Material provided:
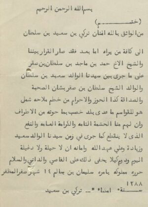 وصلني خطابكم الكريم الموقر، وسرني ما أنتم عليه من الصحة. لقد فهمت بوضوح ما عبرتم عنه وطبيعة الظروف المؤسفة التي شاء الله أن تقع، ممثلة في الموجهة التي جرت بين الشيخ صالح بن محمد وسفينتكم. وقد زار صالح ـ كما ذكرتم عن حق ـ دار المقيم في أبوشهر وطلب امداده بالبارود وقذائف المدافع، لكن دون سوء قصد. وقد هوجمت سفينتكم أولاً بمركب تابع لعرب صحار، ومعه مراكب أخرى في صحبة صالح، أن اشتباك خسروا فيه كثيراً وفقدوا بهض رجالهم. وأراد صالح أن يوقف القتال ويفصل بين المتحاربين، فاقترب بمركبه من سفينتكم وتلقى طلقات من قذائف المدافع ونيران البنادق. هذه هي الوقائع التي حدثت. ومعاذالله أن يخالج صالح قريبنا سوء قصد نحو أصدقائنا. ومن الواضح أنه لو كان لديه سوء نية نحو سفينتكم ر لجاز اتهامه بسلوك غير ىئق حين زيارته للوكالة. ولو اتهموه بذلك عن عدل وانصاف لكان مذنباً. لسنا في نزاع أبداً مع الإنجليز، فهم أصدقاؤنا، بينمااعداؤنا هم أهل عمان، وكما وضحنا لكم، فاننا نكن لكم من مشاعر الصداقة، ولن نصيبكم بضرر، ولا نود أن يصيبكم غيرنا بضرر، وسوف نقدم لكم كل ما في وسعنا من خير، لاأرى أذى على الإطلاق. حين تسلمت خطابكم، بعثت بأوامر ومراكب لاحضار صالح أمامي. ونحن على استعداد للقيام بأية تسوية عادلة لائقة عن الحادثة التي وقعت، بل ما هو أهم منها، ان لكم عندنا وعند جميع عرب الخليج من حسن السمعة ما هو معروف مستفيض، ويجب أن تلقى رغباتكم ما ينبغي من التنفيذ، وان شاءالله ستنمو صداقتنا وتزدهر، ولك أن تثق تماماً بصداقتنا لك، وسنعبر عنها بالقول والفعل.. متعكم الله بالصحة والعافية. |
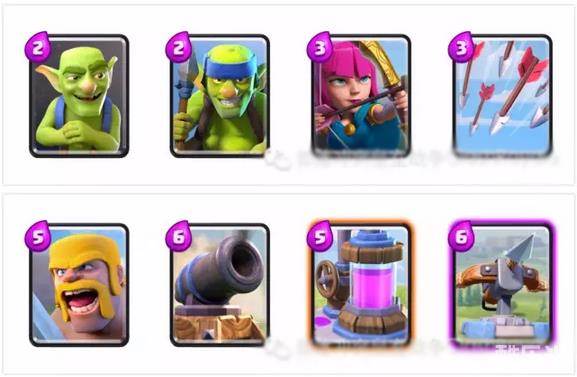 那么圣水采集器为何也是核心呢?因为X-BOW卡组,在中期亮出X-BOW后,双方的每次交战几乎都是一次围绕着X-BOW的战斗。而X-BOW本身在攻击对方防守单位时输出相当于2圣水的哥布林投矛手,也就是说每次亮出X-BOW之后,我们都得打一场天生亏四圣水的战斗。打赢,对方的皇冠塔就非常危险;打输,X-BOW迅速被拆并且对方防守部队过河;所以除非我们取得了巨大费用优势,不然的话我们最好在领先对手一到两个圣水采集器的情况下再下X-BOW。这么一来,圣水采集器也成为了核心。
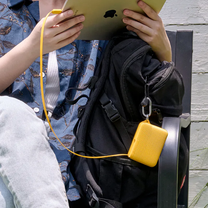 • Hidden retractable USB-C cable, extending up to 70cm, neatly stored within the power bank
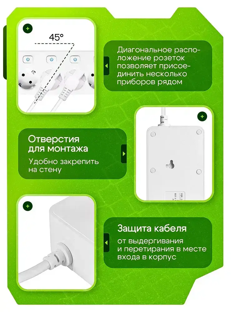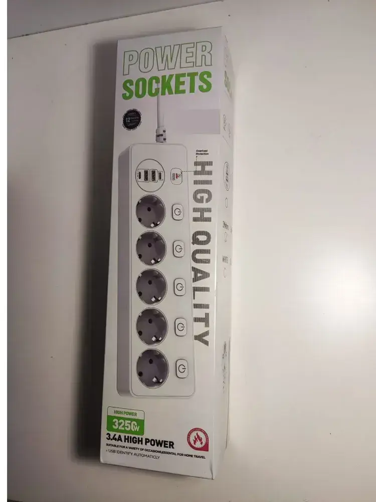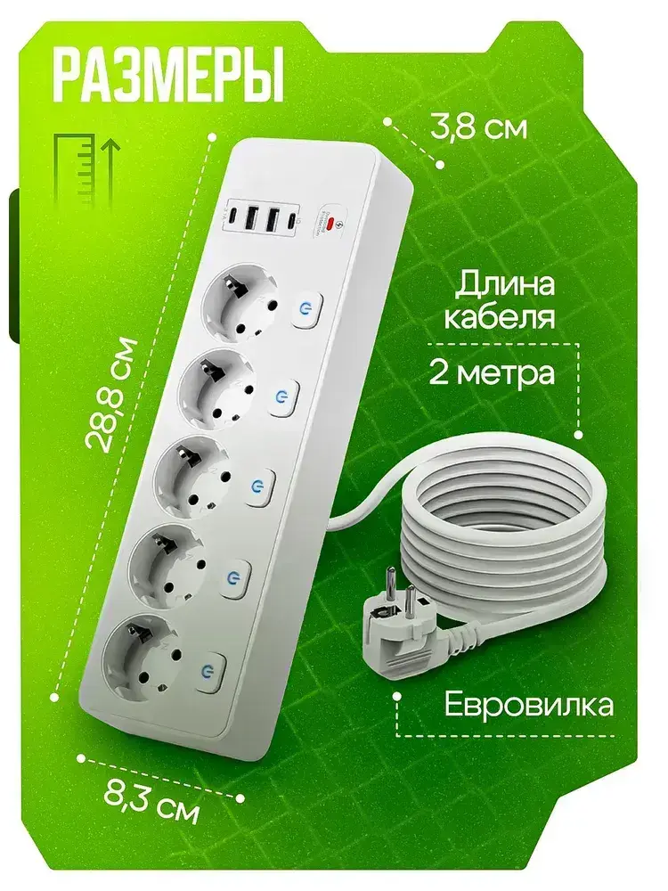 Сетевой фильтр с предохранителем с USB/TYPE-C, 5 розеток, 3,25кВт, провод 2м с заземлением

How to complete this task: Since the pictures are not wanted, give the material again exactly without them.

Exercise answer:
 وصلني خطابكم الكريم الموقر، وسرني ما أنتم عليه من الصحة. لقد فهمت بوضوح ما عبرتم عنه وطبيعة الظروف المؤسفة التي شاء الله أن تقع، ممثلة في الموجهة التي جرت بين الشيخ صالح بن محمد وسفينتكم. وقد زار صالح ـ كما ذكرتم عن حق ـ دار المقيم في أبوشهر وطلب امداده بالبارود وقذائف المدافع، لكن دون سوء قصد. وقد هوجمت سفينتكم أولاً بمركب تابع لعرب صحار، ومعه مراكب أخرى في صحبة صالح، أن اشتباك خسروا فيه كثيراً وفقدوا بهض رجالهم. وأراد صالح أن يوقف القتال ويفصل بين المتحاربين، فاقترب بمركبه من سفينتكم وتلقى طلقات من قذائف المدافع ونيران البنادق. هذه هي الوقائع التي حدثت. ومعاذالله أن يخالج صالح قريبنا سوء قصد نحو أصدقائنا. ومن الواضح أنه لو كان لديه سوء نية نحو سفينتكم ر لجاز اتهامه بسلوك غير ىئق حين زيارته للوكالة. ولو اتهموه بذلك عن عدل وانصاف لكان مذنباً. لسنا في نزاع أبداً مع الإنجليز، فهم أصدقاؤنا، بينمااعداؤنا هم أهل عمان، وكما وضحنا لكم، فاننا نكن لكم من مشاعر الصداقة، ولن نصيبكم بضرر، ولا نود أن يصيبكم غيرنا بضرر، وسوف نقدم لكم كل ما في وسعنا من خير، لاأرى أذى على الإطلاق. حين تسلمت خطابكم، بعثت بأوامر ومراكب لاحضار صالح أمامي. ونحن على استعداد للقيام بأية تسوية عادلة لائقة عن الحادثة التي وقعت، بل ما هو أهم منها، ان لكم عندنا وعند جميع عرب الخليج من حسن السمعة ما هو معروف مستفيض، ويجب أن تلقى رغباتكم ما ينبغي من التنفيذ، وان شاءالله ستنمو صداقتنا وتزدهر، ولك أن تثق تماماً بصداقتنا لك، وسنعبر عنها بالقول والفعل.. متعكم الله بالصحة والعافية. |
 那么圣水采集器为何也是核心呢?因为X-BOW卡组,在中期亮出X-BOW后,双方的每次交战几乎都是一次围绕着X-BOW的战斗。而X-BOW本身在攻击对方防守单位时输出相当于2圣水的哥布林投矛手,也就是说每次亮出X-BOW之后,我们都得打一场天生亏四圣水的战斗。打赢,对方的皇冠塔就非常危险;打输,X-BOW迅速被拆并且对方防守部队过河;所以除非我们取得了巨大费用优势,不然的话我们最好在领先对手一到两个圣水采集器的情况下再下X-BOW。这么一来,圣水采集器也成为了核心。
 • Hidden retractable USB-C cable, extending up to 70cm, neatly stored within the power bank
 Сетевой фильтр с предохранителем с USB/TYPE-C, 5 розеток, 3,25кВт, провод 2м с заземлением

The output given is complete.